Genomic DNA from patient samples and cell lines was extracted using the Qiagen DNeasy Blood & Tissue Kit. PCR reactions were carried out in 384 well plates, in a Duncan DT-24 water bath thermal cycler, with 10 ng of whole genome amplified DNA as template, using a touchdown PCR protocol with HotStart Kapa Fast Taq (Kapa Biosystems, Woburn, MA): 1 cycle of 95°C for 5 min; 3 cycles of 95°C for 30 sec, 64°C for 15 sec, 72°C for 30 sec; 3 cycles of 95°C for 30 sec, 62°C for 15 sec, 72°C for 30 sec; 3 cycles of 95°C for 30 sec, 60°C for 15 sec, 72°C for 30 sec; 37 cycles of 95°C for 30 sec, 58°C for 15 sec, 72°C for 30 sec; 1 cycle of 70°C for 5 min. Templates were purified using AMPure (Agencourt Biosciences, Beverly, MA). The purified PCR reactions were split into two, and sequenced bidirectionally using Big Dye Terminator Kit v.3.1 (Applied Biosystems, Foster City, CA), at Agencourt Biosciences.
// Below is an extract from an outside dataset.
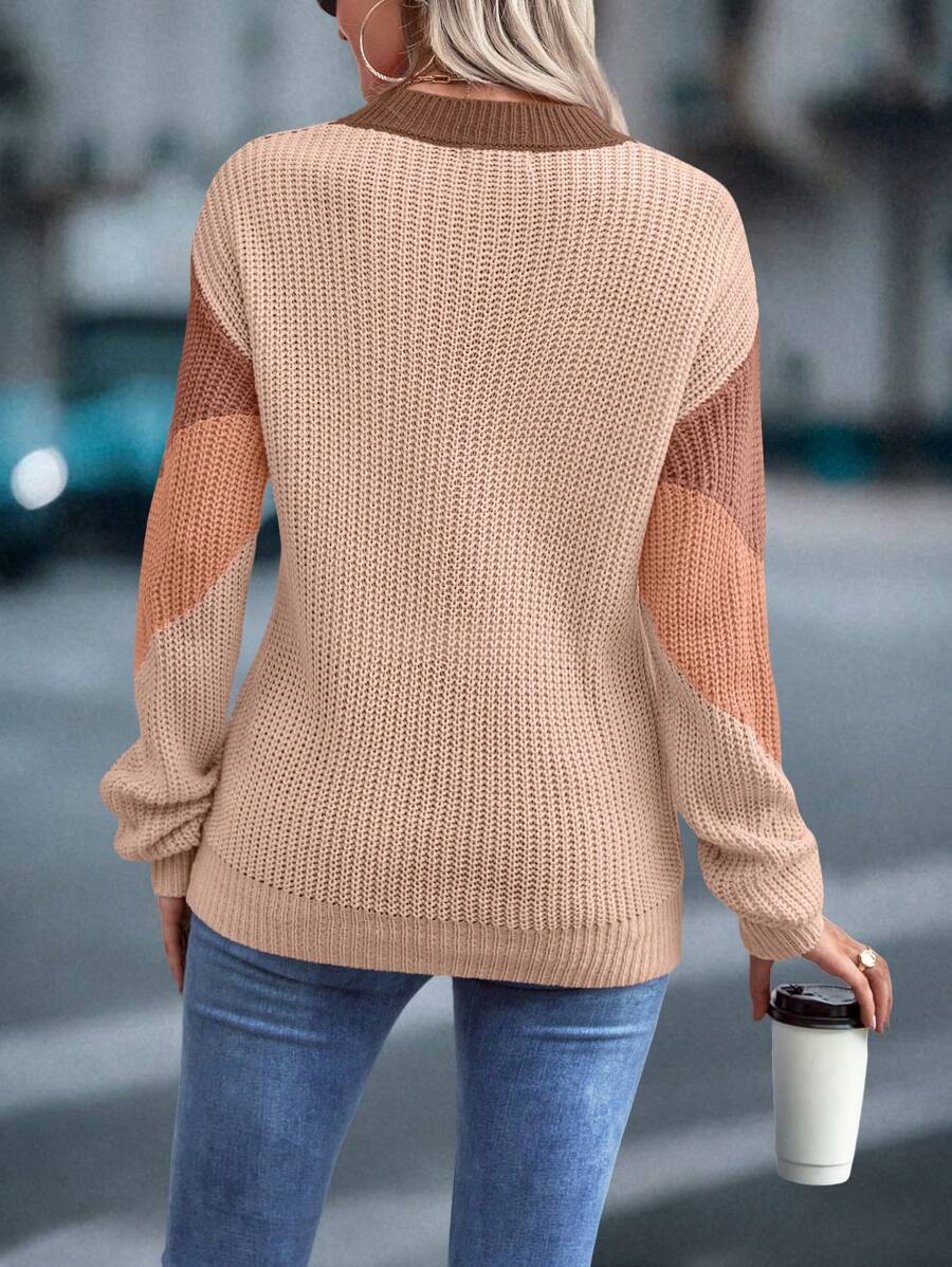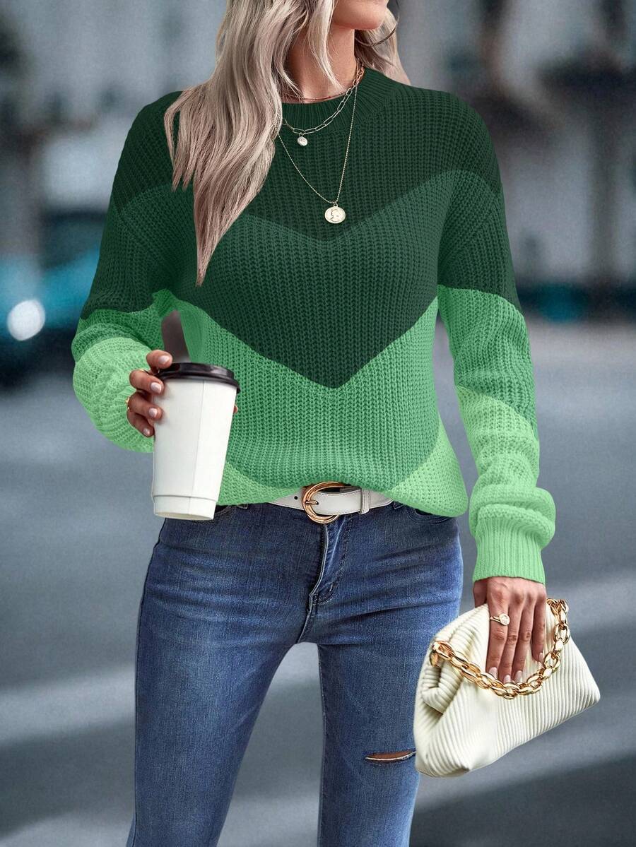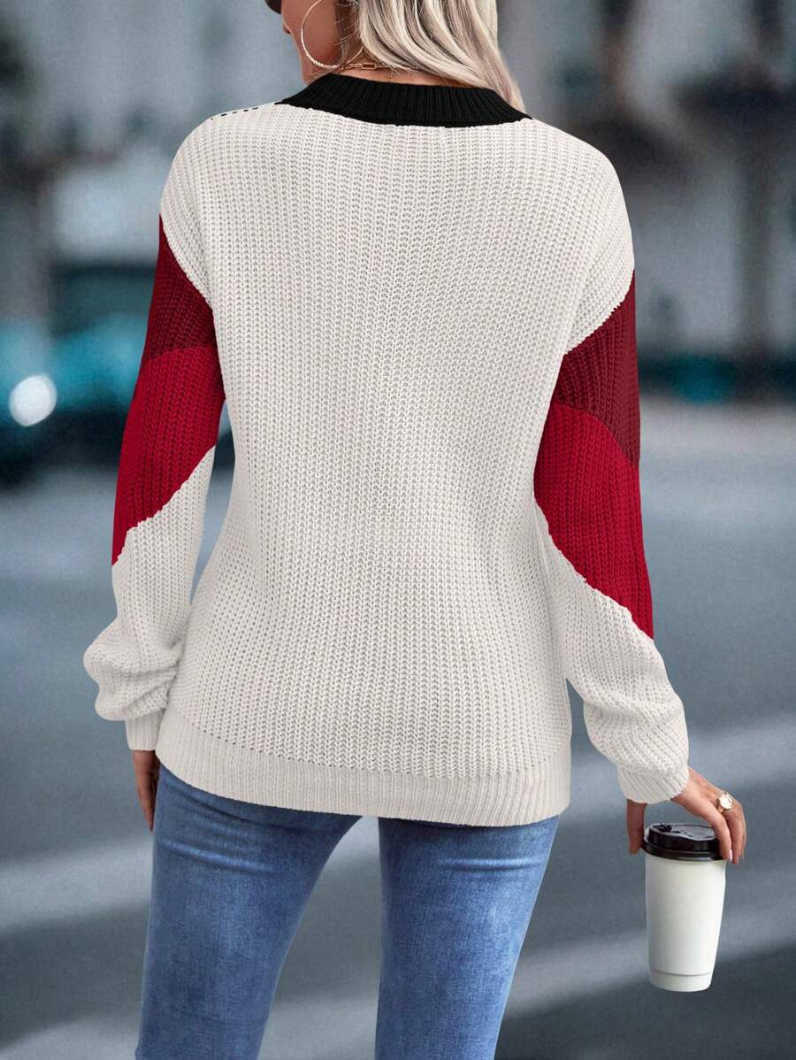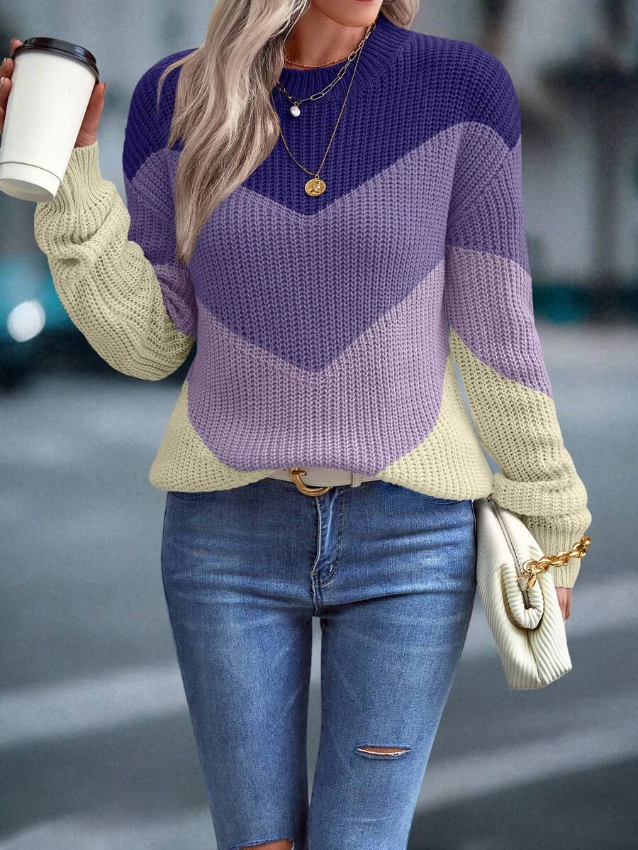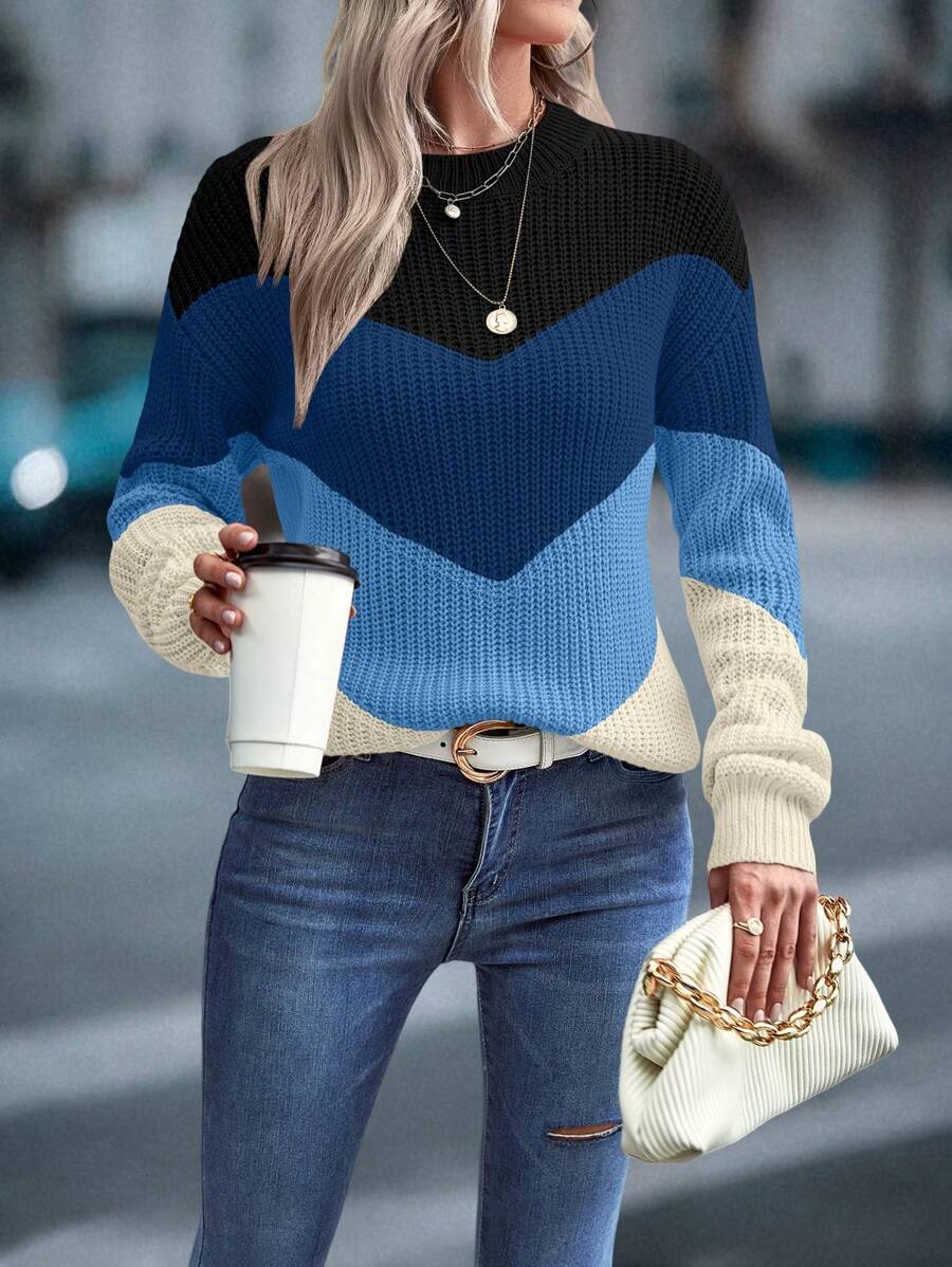 Maglione oversize con maniche lunghe e motivo a chevron a blocchi di colore

Dye terminators were removed using the CleanSEQ kit (Agencourt Biosciences), and sequence reactions were run on ABI PRISM 3730xl sequencing apparatus (Applied Biosystems).

Mutations were detected using an automated pipeline at the MSKCC Bioinformatics Core. Bi-directional reads and mapping tables (to link read names to sample identifiers, gene names, read direction, and amplicon) were subjected to a QC filter which excludes reads that have an average phred score of < 10 for bases 100–200. Passing reads were assembled against the reference sequences for each gene, containing all coding and UTR exons including 5Kb upstream and downstream of the gene, using command line Consed 16.0 (PMID: 9521923). Assemblies were passed on to Polyphred 6.02b (PMID: 9207020) which generated a list of putative candidate mutations, and to Polyscan 3.0 (PMID: 17416743) which generated a second list of putative mutations. To reduce the number of false-positives, only point mutations which were supported by at least one bi-directional read pair and at least one sample mutation called by Polyphred were considered and manually inspected.

RESULTS

Absence of Sequence Variation in the Last Three Exons of FUS in 96 Human Liposarcoma Samples

To search for mutations similar to those recently published in familial amyotrophic lateral sclerosis (FALS), we sequenced the last three FUS exons 13 to 15 (Fig. 1) from DNA isolated from 43 dedifferentiated (DDLS) and 35 myxoid-round cell (MRCLS) liposarcoma tissue samples as well as 4 well differentiated (WDLS), 7 DDLS and 5 MRCLS cell lines (Table 1). One of the DDLS and one of the MRCLS cell lines had been established from patient samples that were simultaneously sequenced. All MRCLS patient samples and cell lines harbor the FUS-DDIT3 translocation described above.

Table 1.

Overview of tissue samples and cell lines used in the study.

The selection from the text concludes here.